José Andrés de Oteyza Fernández es el presidente del Consejo de Administración de OHL México y el vicepresidente es Juan Luis Osuna Gómez.

De Oteyza fue Secretario de Patrimonio y Fomento Industrial durante la Presidencia de José López Portillo y más tarde, en los tiempos de Carlos Salinas de Gortari, fue director de Aeropuertos y Servicios Auxiliares.

Entre los consejeros propietarios de OHL están Carlos Ruiz Sacristán, ex secretario de Comunicaciones y Transportes durante el sexenio de Carlos Salinas de Gortari, y Jesús Reyes Heroles González Garza, ex secretario de Energía durante el sexenio de Ernesto Zedillo y Director de Pemex al inicio del sexenio de Felipe Calderón.

Entre los representantes del sector privado está Valentín Díez Morodo, actual presidente del Consejo Empresarial Mexicano de Comercio Exterior, Inversión y Tecnología, AC (COMCE).

 

PRESENCIA EN BCS

DESALARORA CARTELEl pasado 23 de agosto, OHL sorprendió al sector ambiental nacional e internacional cuando el gobierno de Felipe Calderón Hinojosa anunció que el consorcio español presentó ante la SEMARNAT un plan turístico-inmobiliario denominado Los Pericúes para desarrollar el arrecife de Cabo Pulmo, Baja California Sur.

Esto apenas dos meses después de que Calderón anunció la cancelación del desarrollo turístico Cabo Cortés, al lado del parque nacional Cabo Pulmo, cuestionado por los habitantes del sitio, científicos y organizaciones ambientalistas por los eventuales daños que aquel megaproyecto turístico e inmobiliario causaría al arrecife.

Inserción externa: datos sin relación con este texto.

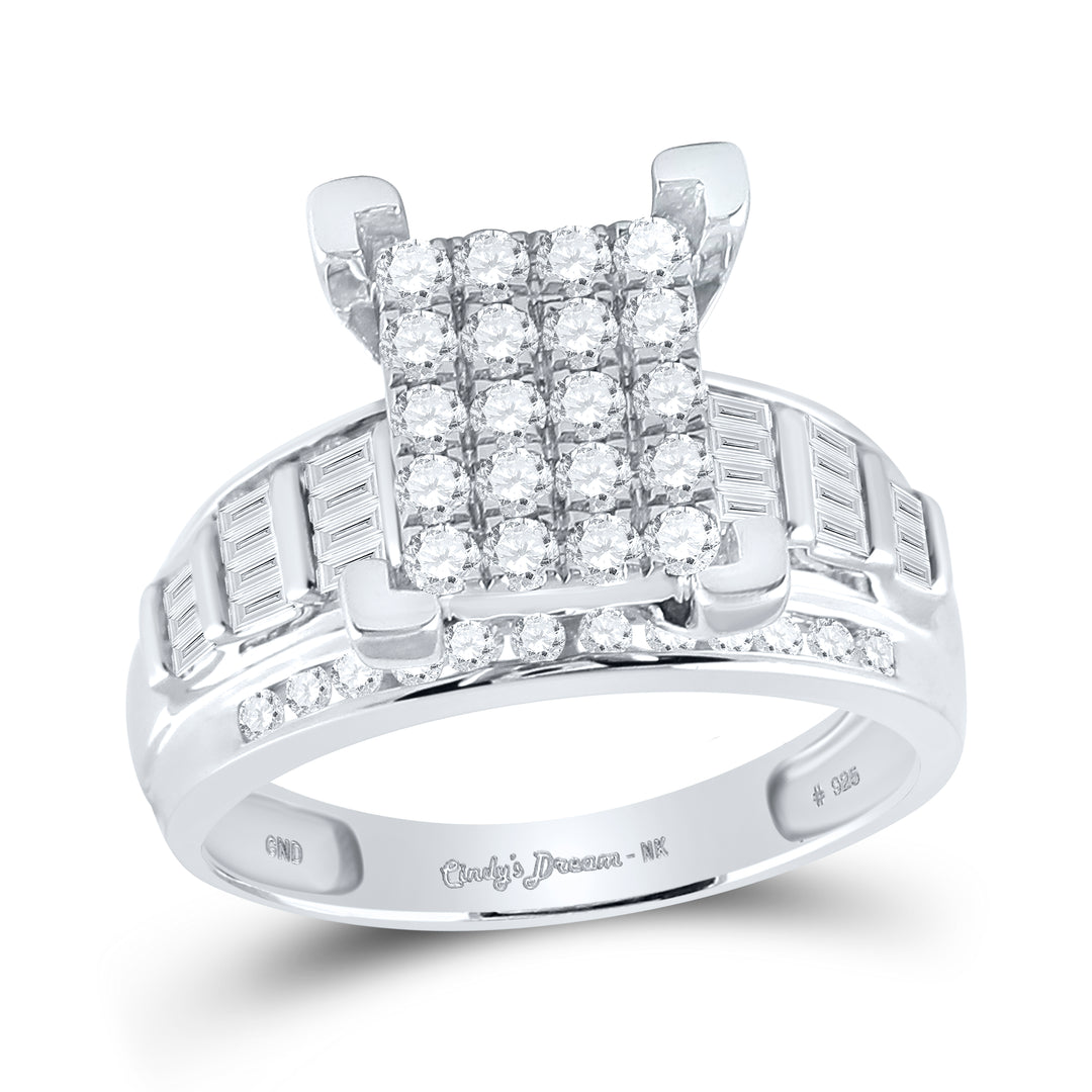 Sterling Silver Womens Round Diamond Cluster Bridal Wedding Engagement Ring 5/8 Cttw

Finalmente OHL retiró su propuesta en Cabo Pulmo, pero aún tiene negocios en Baja California Sur: En la ciudad de Cabo San Lucas, a través de OHL Medio Ambiente lnima, es dueña de la empresa mexicana PROMOAQUA Desalación de Los Cabos, S.A. de C.V., la cual opera con dificultades técnicas una planta desaladora de agua de mar de 21.5 metros cúbicos diarios de capacidad para surtir las necesidades de 105 mil habitantes de aquella metrópoli turística-

De acuerdo con información de diarios sudcalifornianos, a principios de enero de este año el Organismo Operador Municipal del Sistema de Agua Potable, Alcantarillado y Saneamiento de Cabo San Lucas, exhortó a la empresa a resolver en definitiva los problemas técnicos que le impiden cumplir con el contrato de concesión de servicio de desalación de agua marina.

De no hacerlo, agregan las notas periodísticas, el gobierno municipal se hará cargo de la planta y/o dejará de pagar la contraprestación a la empresa filial de OHL.

Mensualmente, el municipio cabeño paga entre cinco y seis millones de pesos por la entrega de agua de la empresa PROMAQUA, la cual administra la planta desalinizadora para el abasto de las familias que viven en las colonias y fraccionamientos del norte de Cabo San Lucas, los cuales se abastecen de la planta desalinizadora “Los Cangrejos” (A los Cuatro Vientos).